A roundtable of disability advocates made their case to a U.S. Senate committee that policy should be written to help people with "the most significant" intellectual and developmental disabilities transition toward regular workplaces rather than keeping them in so-called "sheltered workshops."
During a Sept. 15, 2011, hearing of the U.S. Senate Health, Education, Labor and Pensions Committee, Sen. Tom Harkin, D-Iowa, listened to several witnesses describe their experiences with integrated employment, as well as the sheltered workshop experience. Harkin expressed a desire to create policy that moves away from the workshop model, saying that "sheltered workshops were cutting-edge at one time, but not anymore."
The U.S. Department of Labor (DOL) defines "sheltered workshops" as facilities that employ people with disabilities exclusively or primarily and that are authorized to employ workers with disabilities at subminimum wages.
"In the past, the default position for people with intellectual disabilities has been sheltered employment. I want to change that default to integrated, supported employment," Harkin said at the hearing, which is one in a series he is conducting during 2011 to address disability employment issues. Harkin made it clear that he did not support elimination of sheltered workshops, but that they and other disability employment policies are not serving those with the most significant disabilities.
Harkin cited estimates for labor force participation of people with significant disabilities—defined by the committee as "people for whom competitive employment has not traditionally occurred, has been interrupted or is intermittent because of their disability, or who need intensive support services in order to work competitively"—at below 25 percent and below 10 percent for people with severe and persistent mental illness.
Sheltered Workshops Under Fire
As of September 2011, DOL authorizes select employers to pay less than the minimum wage to workers with disabilities if the employee is determined to be less productive as a result of their disability. In such cases, individuals are paid a percentage of the hourly wage a typical employee would earn for performing the job.
Critics of the sheltered workshop model charge that such segregated environments are akin to institutions that "warehouse" people, limit their opportunities and put them in danger of abuse and neglect, all while providing financial gain for employers.
"In the best of situations, sheltered environments, segregated work and the subminimum wage do not truly provide a meaningful experience for workers with disabilities," said Curtis L. Decker, executive director of the National Disability Rights Network (NDRN), a nonprofit advocacy organization. "Workshop tasks are often menial and repetitive, the environments can be isolating, and the pay is often well below the federal minimum wage. In the worst situations, the segregated and sheltered nature of the lives of workers with disabilities leaves them vulnerable to severe abuse and neglect," he said in a report published by NDRN in January 2011.

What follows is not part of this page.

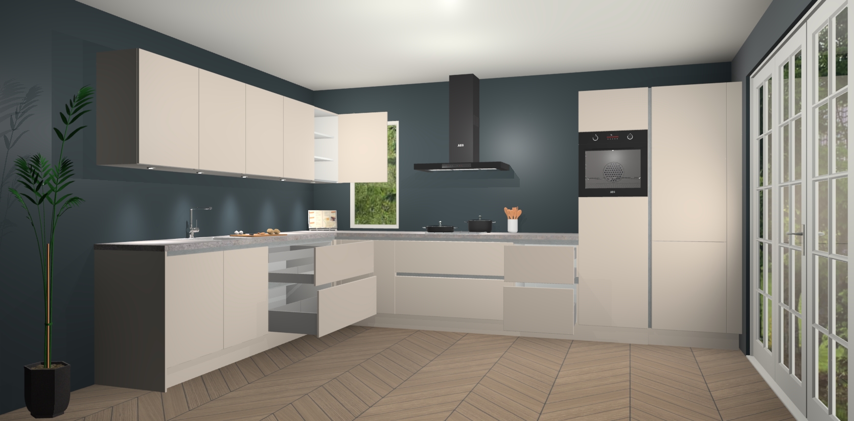 Heeft u nog apparatuur nodig? Geen probleem: de kasjmier greeploze keuken Harare bevat vijf ingebouwde apparaten - een oven, inductiekookplaat, afzuigkap, vaatwasser en koelkast - die gemakkelijk kunnen worden bijgewerkt naar AEG na bestelling. En als dat nog niet genoeg is; onze kasten worden pre-geassembleerd geleverd en zijn verkrijgbaar tegen een vastgeroeste lage prijs! U hoeft nooit meer te zoeken naar goede kwaliteit en service want onze producten hebben echt Duitse kwaliteit.
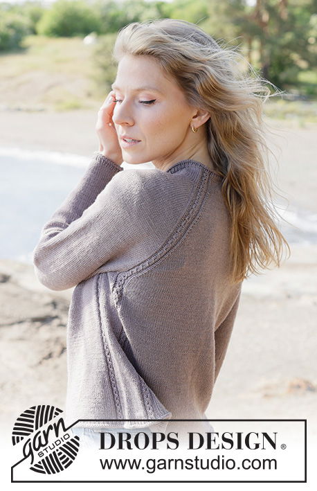 "Sunday Mist Sweater" van Drops wordt van boven naar beneden gebreid in het zachte DROPS Baby Merino garen. Het raglanpatroon zorgt voor een mooie pasvorm, terwijl de delicate kantdetails de trui een dromerige uitstraling geven. De rolranden langs hals, mouwen en onderkant maken het geheel speels en modern.

The report laid out five fundamental arguments against sheltered employment:
The sheltered workshop model contradicts national policy directly. The Americans with Disabilities Act provides broad protection in employment, transportation, public accommodations, telecommunications and public services for people with disabilities, making it clear that people with disabilities should live and work in their communities, the NDRN asserted. "Segregated and sheltered work keeps people with disabilities marginalized and hidden in the shadows, and these environments create opportunities for abuse and neglect to occur," Decker said.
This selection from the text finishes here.